(Supplied material)
---+---
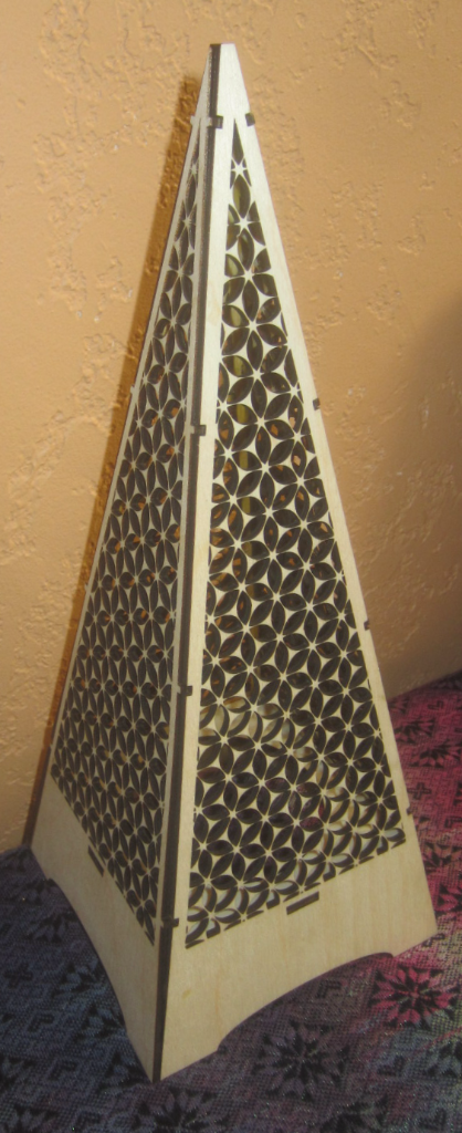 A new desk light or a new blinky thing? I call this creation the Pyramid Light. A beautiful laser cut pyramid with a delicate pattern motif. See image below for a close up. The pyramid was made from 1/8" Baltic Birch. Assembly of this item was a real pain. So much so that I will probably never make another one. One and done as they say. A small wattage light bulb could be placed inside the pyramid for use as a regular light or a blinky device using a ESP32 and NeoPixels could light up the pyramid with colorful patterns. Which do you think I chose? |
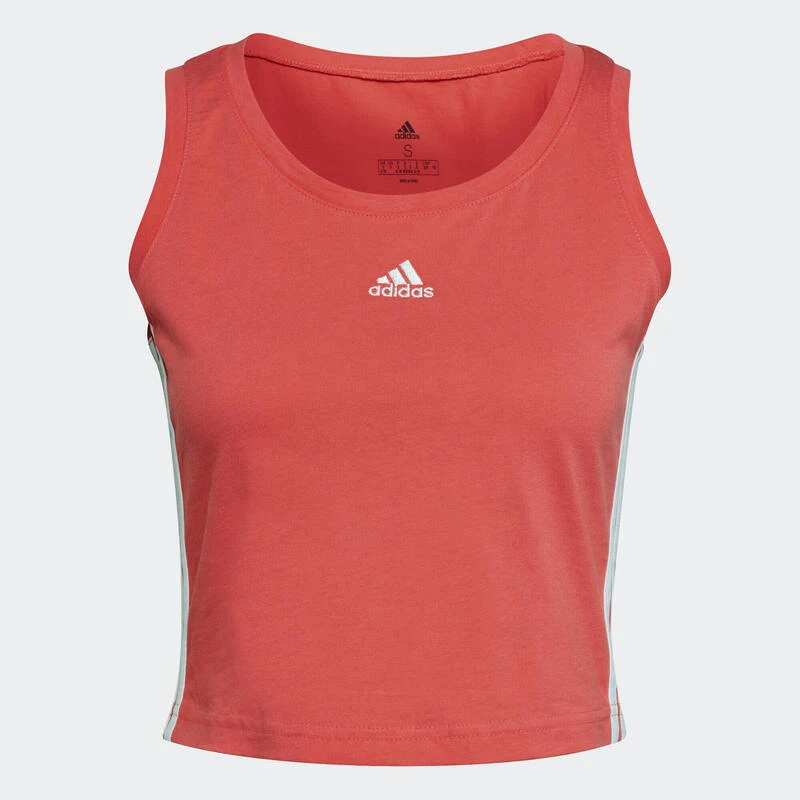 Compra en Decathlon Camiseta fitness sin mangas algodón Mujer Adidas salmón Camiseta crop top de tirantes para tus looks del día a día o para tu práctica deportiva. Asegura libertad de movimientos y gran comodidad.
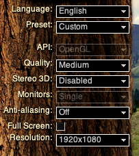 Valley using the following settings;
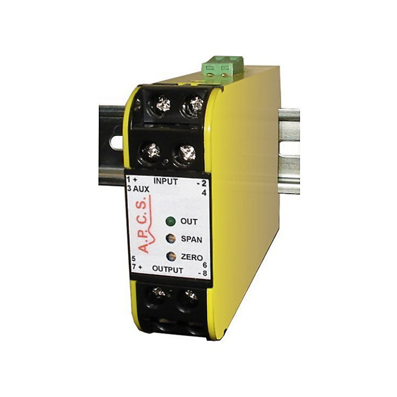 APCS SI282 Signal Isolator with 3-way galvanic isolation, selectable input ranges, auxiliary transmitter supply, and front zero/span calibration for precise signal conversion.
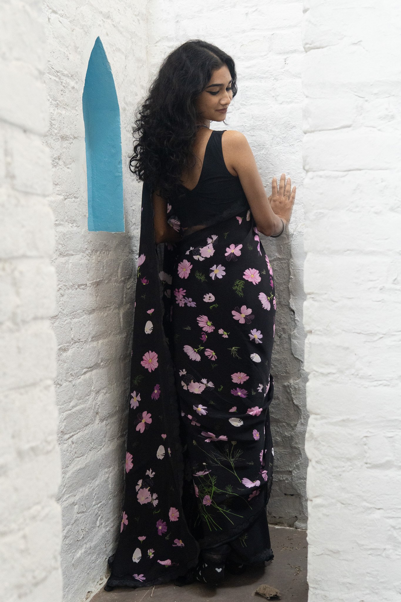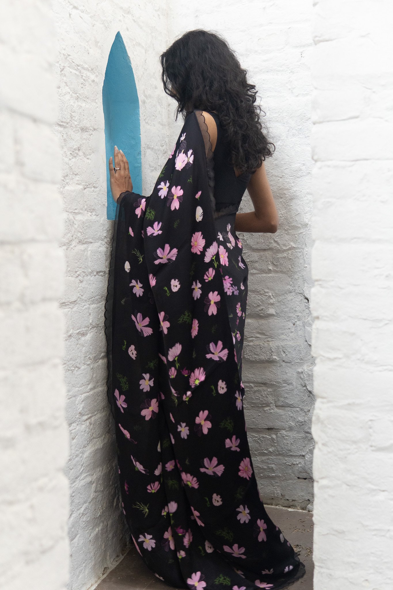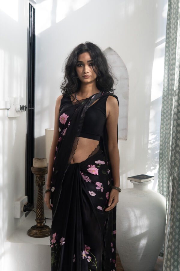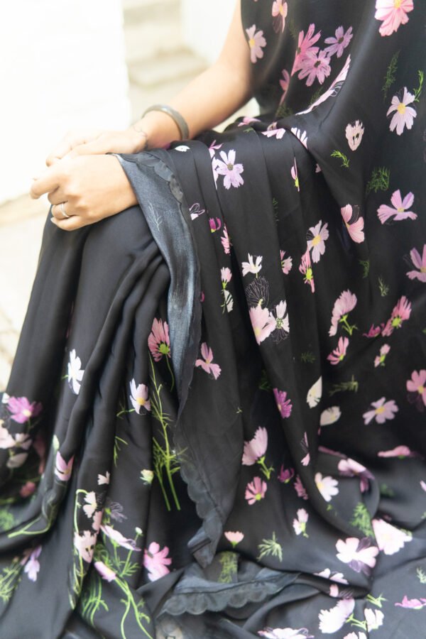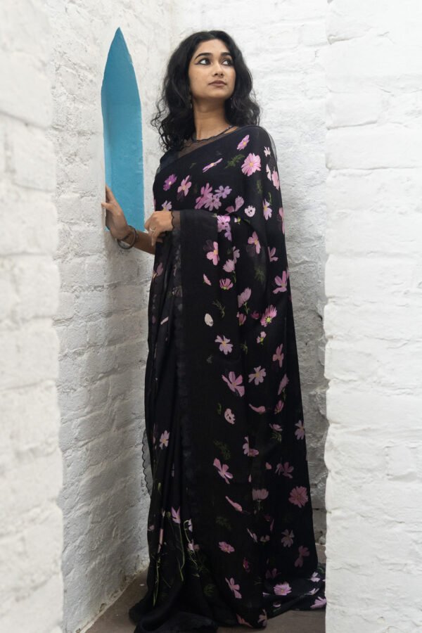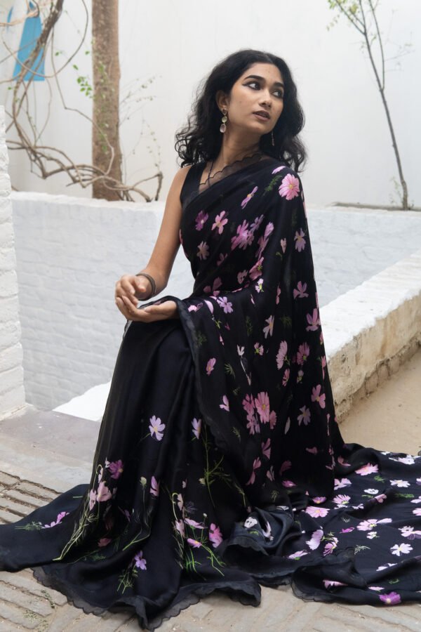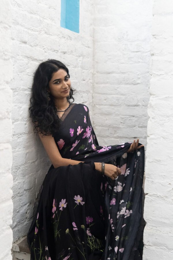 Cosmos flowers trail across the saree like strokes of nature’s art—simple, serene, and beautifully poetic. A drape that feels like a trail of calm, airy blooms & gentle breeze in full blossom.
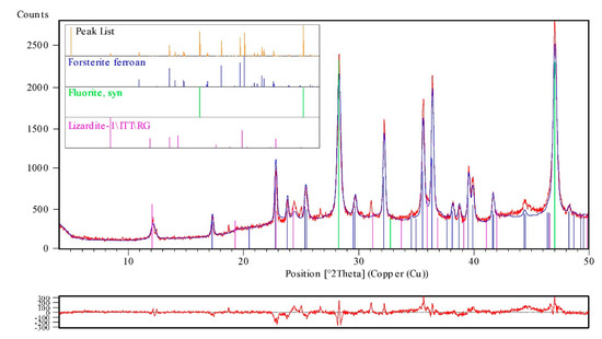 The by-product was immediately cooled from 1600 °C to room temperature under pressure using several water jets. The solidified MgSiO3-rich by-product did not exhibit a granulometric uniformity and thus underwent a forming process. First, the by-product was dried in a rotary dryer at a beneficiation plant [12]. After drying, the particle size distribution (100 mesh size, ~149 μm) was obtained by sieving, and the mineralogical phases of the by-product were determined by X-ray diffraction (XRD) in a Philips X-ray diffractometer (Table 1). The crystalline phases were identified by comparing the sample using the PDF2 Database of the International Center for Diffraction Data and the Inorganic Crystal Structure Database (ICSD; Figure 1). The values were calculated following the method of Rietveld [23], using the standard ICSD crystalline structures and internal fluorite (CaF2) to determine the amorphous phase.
---+---
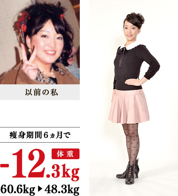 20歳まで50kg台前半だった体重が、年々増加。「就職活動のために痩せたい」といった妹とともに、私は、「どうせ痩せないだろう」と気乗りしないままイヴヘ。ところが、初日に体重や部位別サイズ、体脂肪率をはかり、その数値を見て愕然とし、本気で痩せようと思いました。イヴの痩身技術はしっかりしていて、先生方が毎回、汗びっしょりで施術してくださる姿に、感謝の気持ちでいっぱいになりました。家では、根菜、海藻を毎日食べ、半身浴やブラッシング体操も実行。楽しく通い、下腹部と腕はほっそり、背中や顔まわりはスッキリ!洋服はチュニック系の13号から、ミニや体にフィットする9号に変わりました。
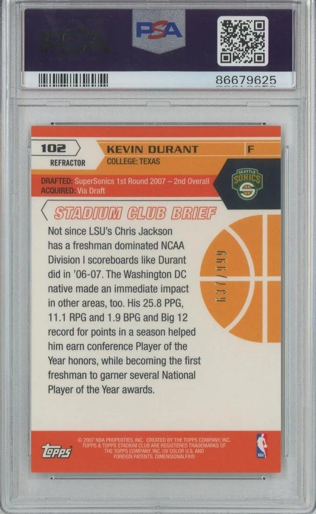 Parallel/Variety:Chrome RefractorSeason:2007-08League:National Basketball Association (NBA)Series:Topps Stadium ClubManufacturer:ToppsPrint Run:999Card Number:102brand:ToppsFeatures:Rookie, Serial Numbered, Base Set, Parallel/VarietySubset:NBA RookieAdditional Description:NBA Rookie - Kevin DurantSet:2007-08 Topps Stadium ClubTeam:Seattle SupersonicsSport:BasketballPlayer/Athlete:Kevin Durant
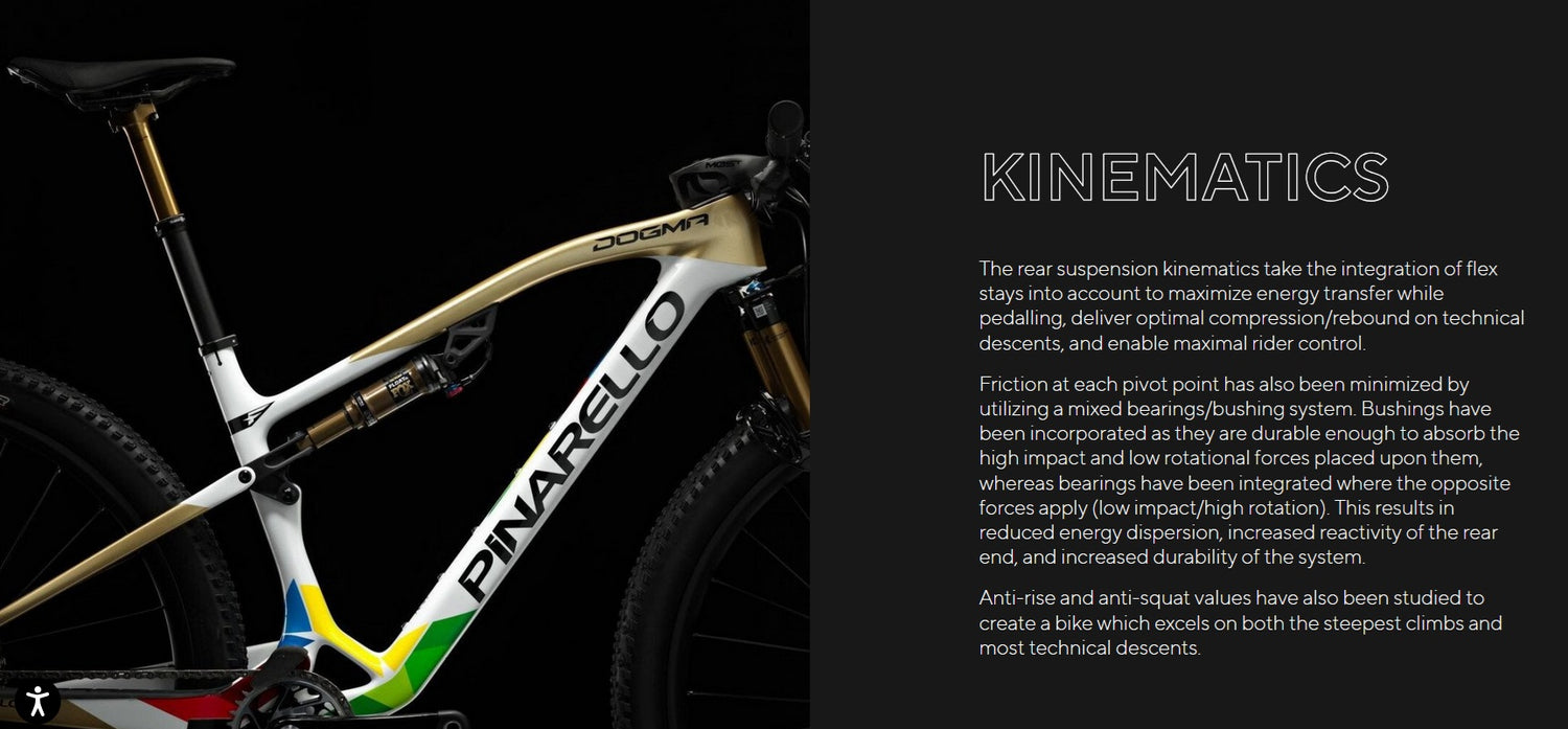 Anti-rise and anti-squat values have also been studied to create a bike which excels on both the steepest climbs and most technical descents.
---+---
(Assigned task) Copy the listing above exactly, but only from the line with "Cosmos flowers trail" through the line with "The by-product was immediately", including those two lines and excluding any picture.

(Reply to the exercise)
 Cosmos flowers trail across the saree like strokes of nature’s art—simple, serene, and beautifully poetic. A drape that feels like a trail of calm, airy blooms & gentle breeze in full blossom.
 The by-product was immediately cooled from 1600 °C to room temperature under pressure using several water jets. The solidified MgSiO3-rich by-product did not exhibit a granulometric uniformity and thus underwent a forming process. First, the by-product was dried in a rotary dryer at a beneficiation plant [12]. After drying, the particle size distribution (100 mesh size, ~149 μm) was obtained by sieving, and the mineralogical phases of the by-product were determined by X-ray diffraction (XRD) in a Philips X-ray diffractometer (Table 1). The crystalline phases were identified by comparing the sample using the PDF2 Database of the International Center for Diffraction Data and the Inorganic Crystal Structure Database (ICSD; Figure 1). The values were calculated following the method of Rietveld [23], using the standard ICSD crystalline structures and internal fluorite (CaF2) to determine the amorphous phase.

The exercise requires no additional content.